Thus, at least the appropriate theoretical context has been prepared for taking a closer look at advertising in the broadcast media. Arcangeli, for example, already attempts, in contrast to the former research, to build his analyses of the linguaggio pubblicitario on a comparison “tra affissi murali (manifesti vs. poster), annunci cartacei e spot televisivi” [‘between mural bills and posters, print advertisements and TV spots’] (2008, 7). He obviously broadens his data (“qualcosa come centomila réclame” [‘about 100,000 advertisements’]) to different media, limits the quotations, however, to some selected examples without referring to their origin. Other impulses to turn the attention to the “tertiary” media are coming from the emerging media linguistic current in German linguistics applied to the Romance languages: the basis is the analytic framework of the multimodal text – taken from Halliday’s systemic functional linguistics and subsequently developed by Kress and Van Leeuwen – in which all codes possess either equal and complementary or additional functions in order to produce a complex (semiotic) unit of communication. Its particular message can not only be described on the basis of the respective code potentials, but must also be substantiated in their specific interplay (cf. Stöckl 2006 and 2011; Roth/Spitzmüller 2007). Taking into account all appearing sign resources in their linguistic relevance (i.e., the phonetic, semantic, syntactic and textual values), a new understanding of text is evolving which seems to be realized exemplarily in the advertising text (Stöckl 2012b; Runkehl 2012).

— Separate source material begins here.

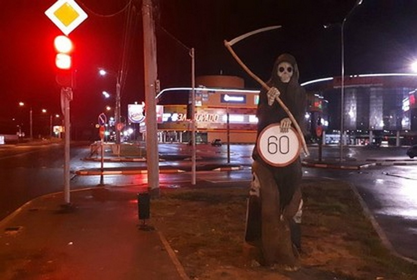 По данным издания, на Ленинградском проспекте в минувшую пятницу был установлен деревянный силуэт в черном балахоне, который держит в одной руке знак ограничения скорости (60 км/ч), а в другой — косу.
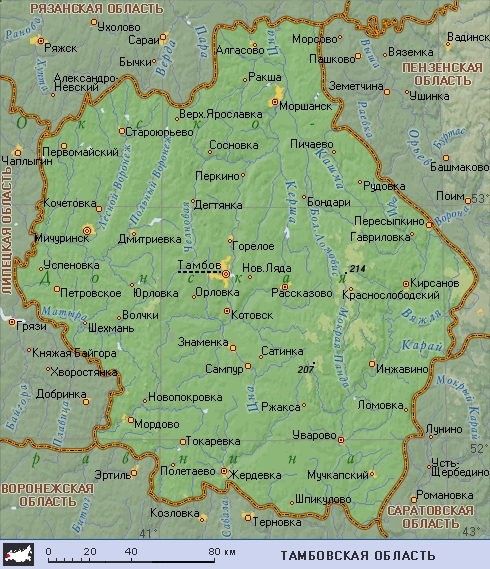 Тамбовская область (географическая карта)

The following images list the various codes or modes of a text and their semiotic capacity as put together systematically by Stöckl (2006, cf. Fig. 2), and point to the different possibilities of codification in correlation with different media, i.e., print, TV, radio and Internet (Tab. 1).

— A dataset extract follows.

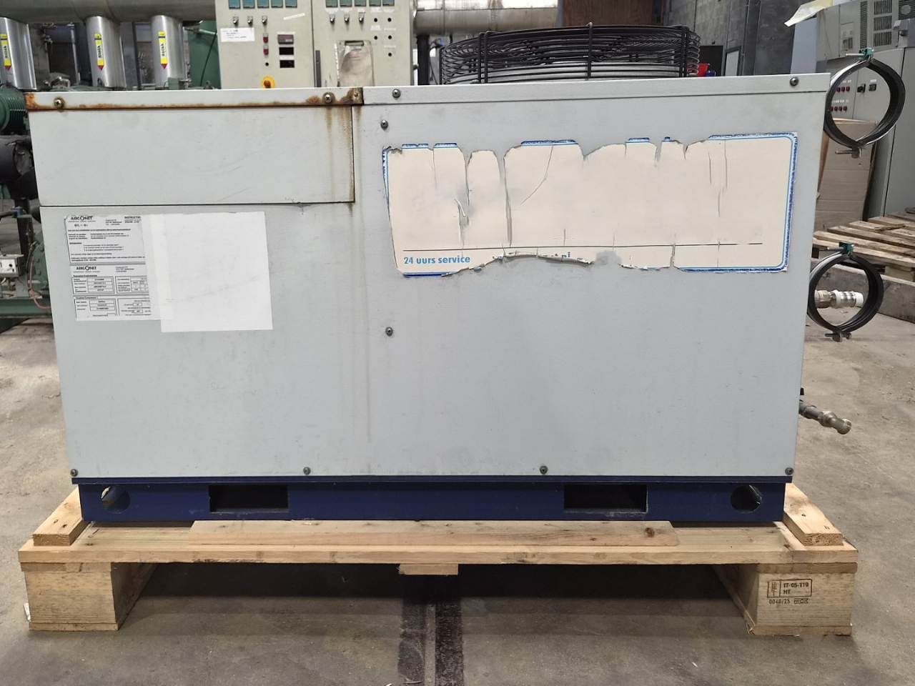 *All components of this used chiller will be tested on adequate performance, leak free condition (condensing blocks, compressors, fans, control panel and so forth). Choosing HOSBV means buying with warranty. We perform a industrial cleaning. if requested we can arrange your shipment.

Even if the multimodal text analysis is still focused on printed ads and their basic configuration, new analytical frameworks are applied in order to face the interplay of language and picture as powerful modes, e. g., all above the theories of “text design” or a “new” visual linguistics (cf. Bucher 2007; Roth/Spitzmüller 2007; Schmitz 1997 and 2007; Große 2011; Diekmannshenke/Klemm/Stöckl 2011). According to Barthes’ differentiation between ancrage and relais (1964, 44), Nöth (2000), on the one hand, and Stöckl (1997; 2004a and b), on the other, develop models of analysis which examine respectively the different forms of mode connection and assert convergence (in terms of addition or complementarity) and divergence (in terms of contrast and violation). Both types approve the agents’ art to build on the cognitive capacity of the recipients to engage in what Stöckl (2004a, 230) calls “explorative Semiose” [‘explorative semiosis’] by putting together the text chunks like resolving a puzzle.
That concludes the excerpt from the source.